• [WHAT YOU ARE ASKED TO DO]
Return every entry below exactly as written, minus the pictures.

[Saved data entries]
- - - - - - -
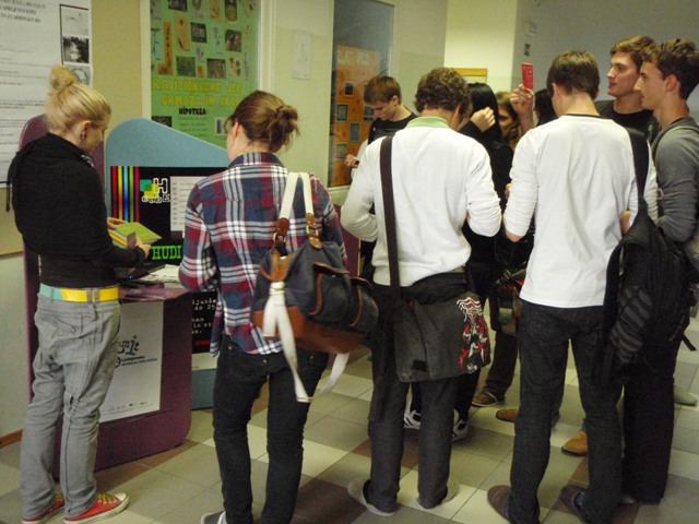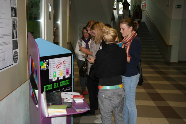 V sredo, 26. oktobra, je bila tudi na naši gimnaziji postavljena info točka. Z odzivom dijakov in dijakinj smo bili res zelo zadovoljni. Točko si je ogledalo zelo veliko mladih. Verjamemo, da se je za vsakega našlo kaj zanimivega in uporabnega. Nekaj foto utrinkov si poglejte spodaj, še več pa jih je na Facebook strani: http://www.facebook.com/LMIT.org
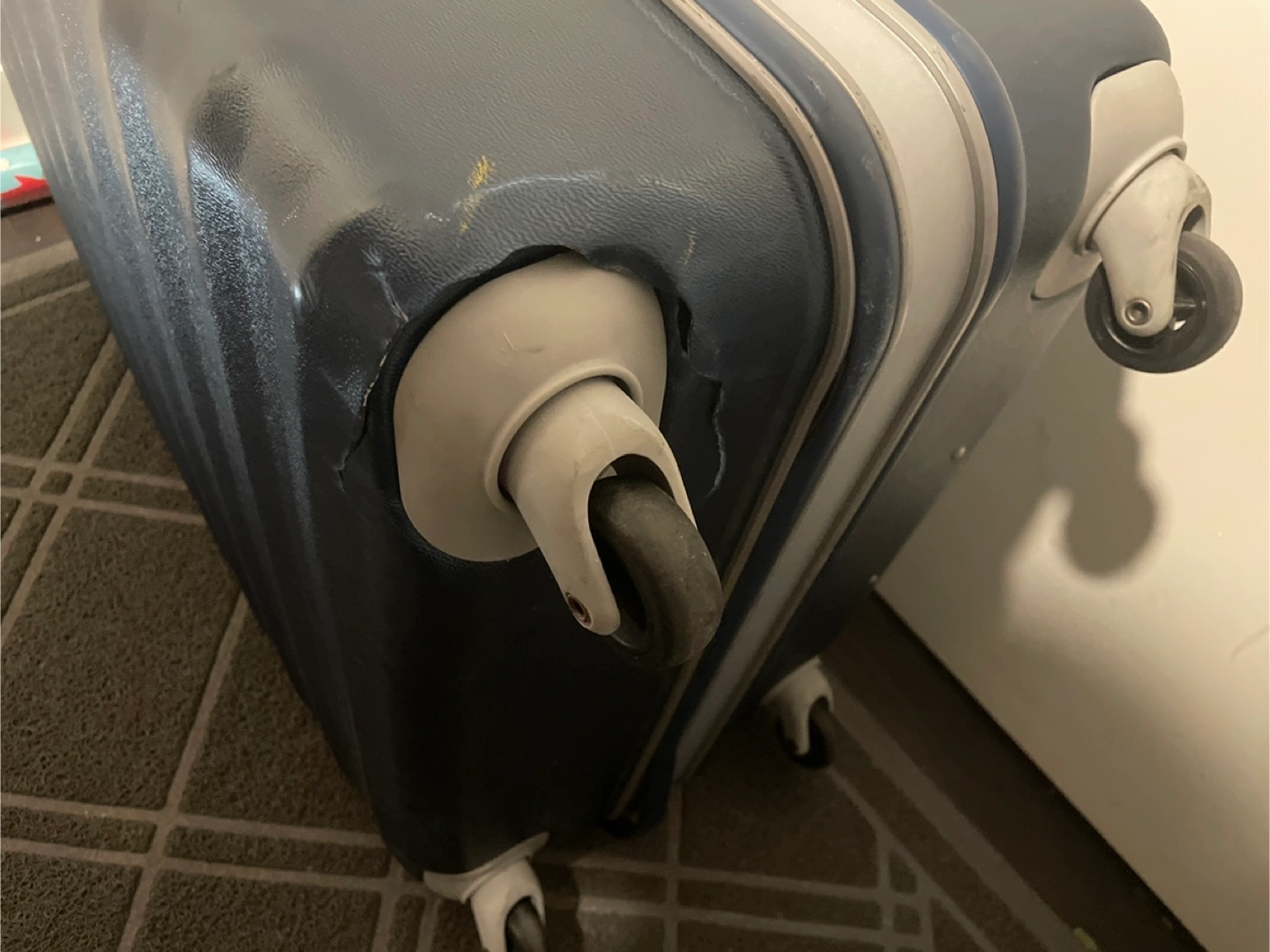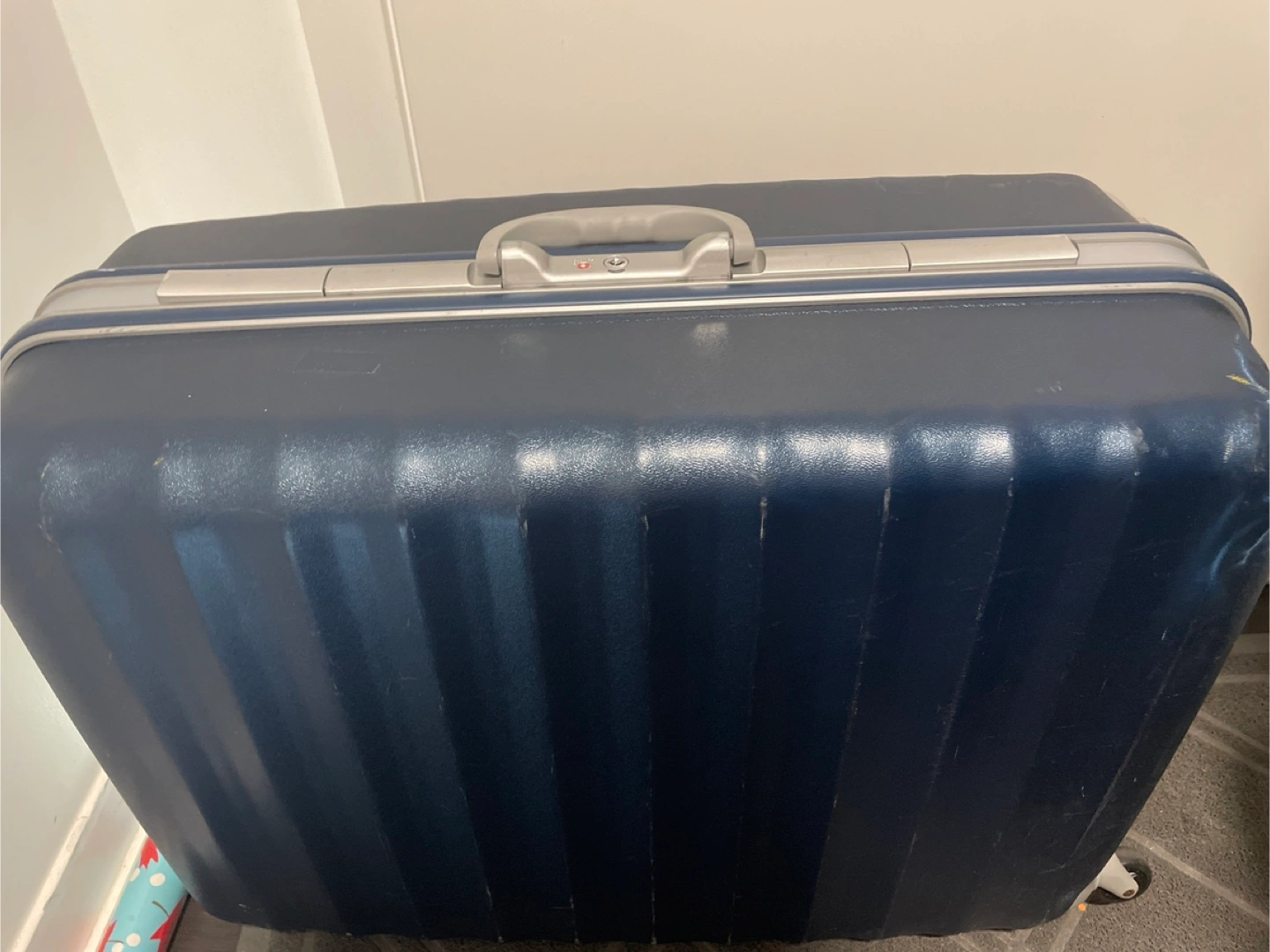 One Wheel slightly damaged. Selling a blue hard shell suitcase. It shows signs of wear and tear, as you can see in the photos, but it's still functional. Great for travel!
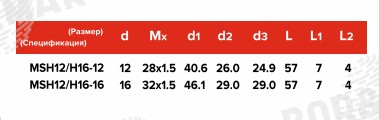 | MSH12/H16-12 | 12 | 28x1.5 | 40.6 | 26.0 | 24.9 | 57 | 7 | 4 |
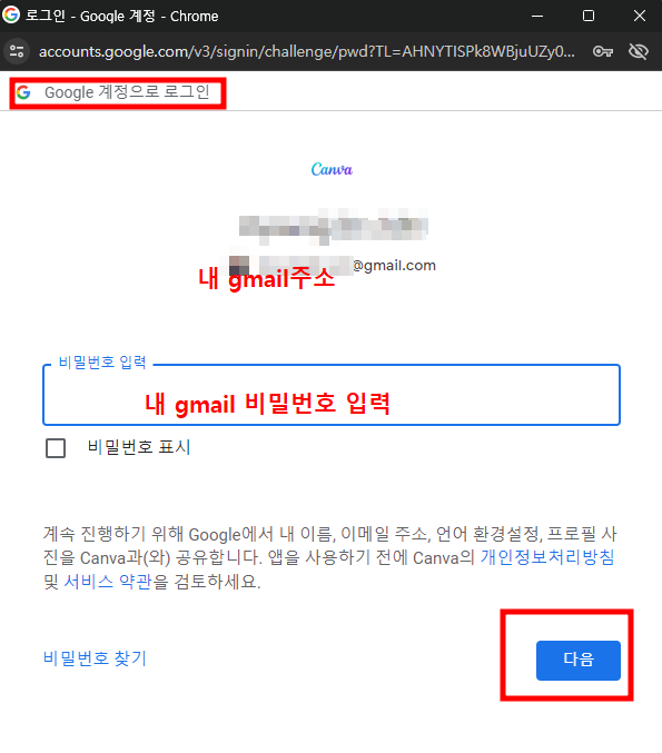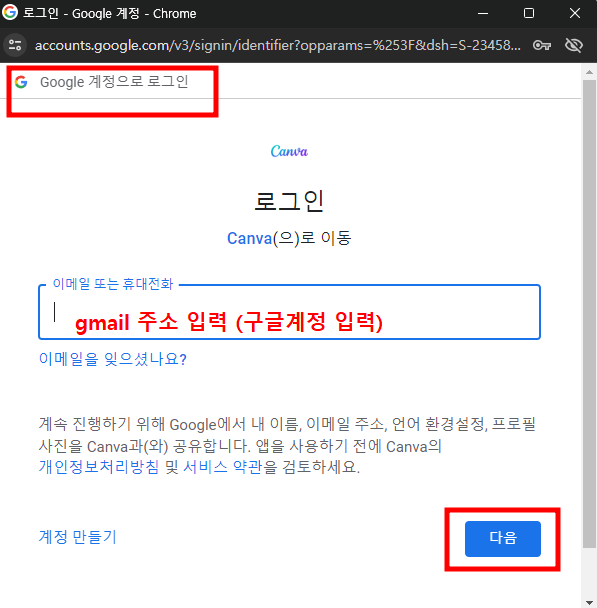 8)7에서 만든 구글계정 입력 (기존에 gmail 사용중이시던분은 기존 gmail 주소 입력)
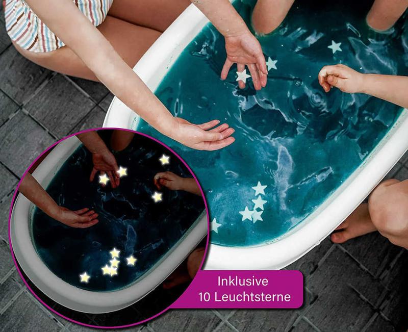 Tento kouzelný prášek Glibbi přemění vodu na galaktický sliz a hvězdičky, které jsou také součástí balení, navíc ve tmě svítí. Zábavné koupání může začít! Jedno balení vytvoří až 40 litrů slizu. Glibbi Galaxy je báječné potěšení pro Vaše děti. Zabaví se při
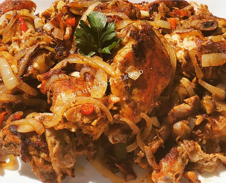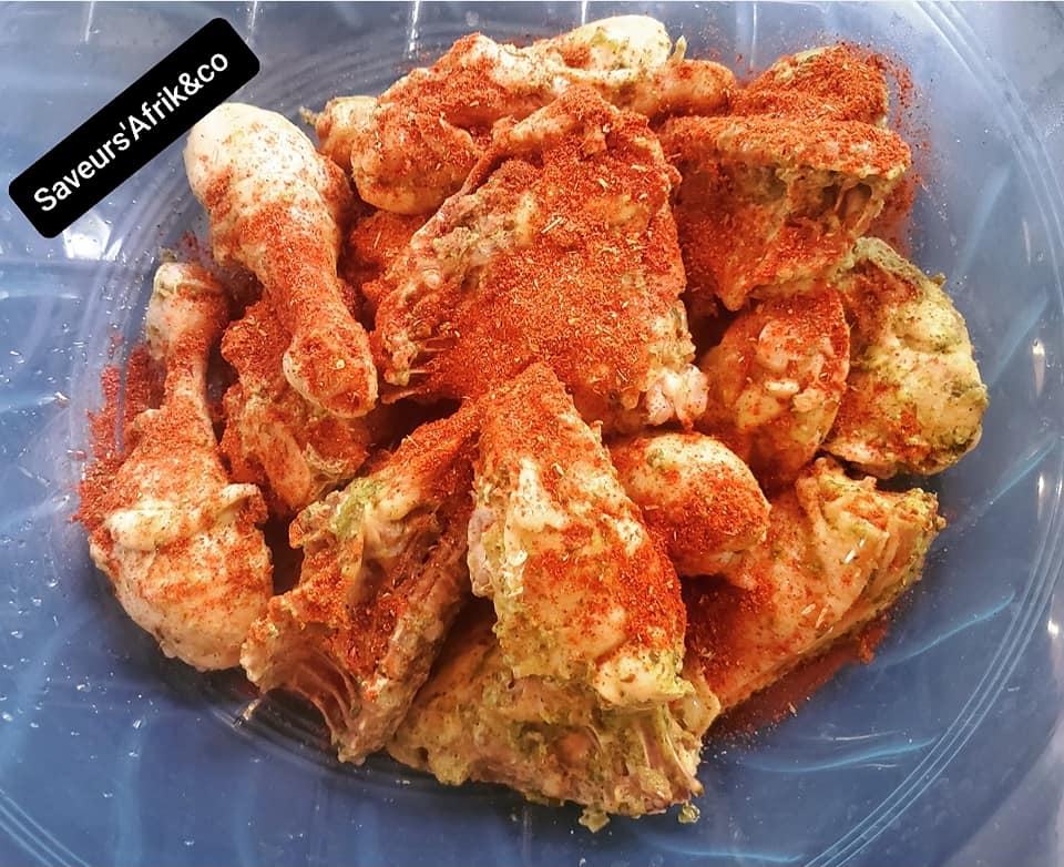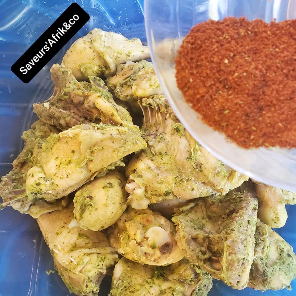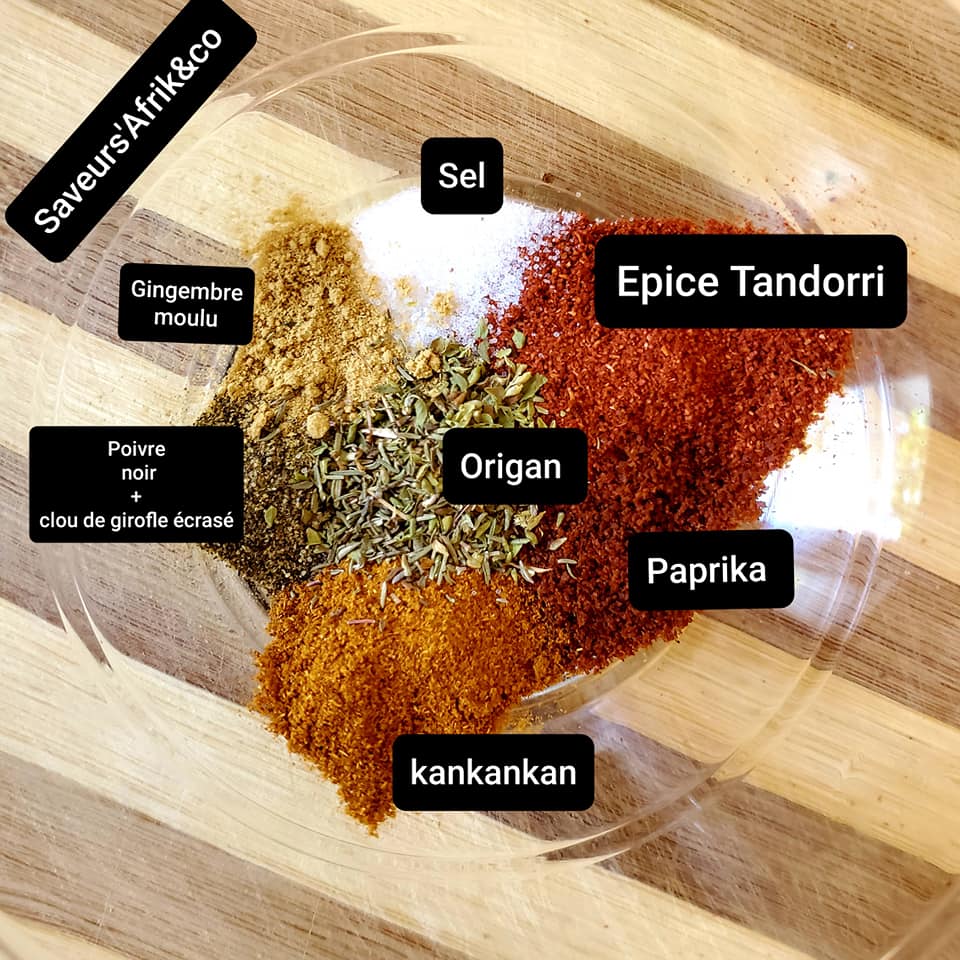 - Dans un saladier, ajouter le poulet et bien mariner avec les épices suivants : poivre noir, clou de girofle, 1 c.a.c de kankankan, paprika, épice massala Tandoori, origan, gingembre en poudre, sel et laisser reposer pendant 10 minutes
- - - - - - -
• [SOLUTION FOR THIS EXERCISE]
 V sredo, 26. oktobra, je bila tudi na naši gimnaziji postavljena info točka. Z odzivom dijakov in dijakinj smo bili res zelo zadovoljni. Točko si je ogledalo zelo veliko mladih. Verjamemo, da se je za vsakega našlo kaj zanimivega in uporabnega. Nekaj foto utrinkov si poglejte spodaj, še več pa jih je na Facebook strani: http://www.facebook.com/LMIT.org
 One Wheel slightly damaged. Selling a blue hard shell suitcase. It shows signs of wear and tear, as you can see in the photos, but it's still functional. Great for travel!
 | MSH12/H16-12 | 12 | 28x1.5 | 40.6 | 26.0 | 24.9 | 57 | 7 | 4 |
 8)7에서 만든 구글계정 입력 (기존에 gmail 사용중이시던분은 기존 gmail 주소 입력)
 Tento kouzelný prášek Glibbi přemění vodu na galaktický sliz a hvězdičky, které jsou také součástí balení, navíc ve tmě svítí. Zábavné koupání může začít! Jedno balení vytvoří až 40 litrů slizu. Glibbi Galaxy je báječné potěšení pro Vaše děti. Zabaví se při
 - Dans un saladier, ajouter le poulet et bien mariner avec les épices suivants : poivre noir, clou de girofle, 1 c.a.c de kankankan, paprika, épice massala Tandoori, origan, gingembre en poudre, sel et laisser reposer pendant 10 minutes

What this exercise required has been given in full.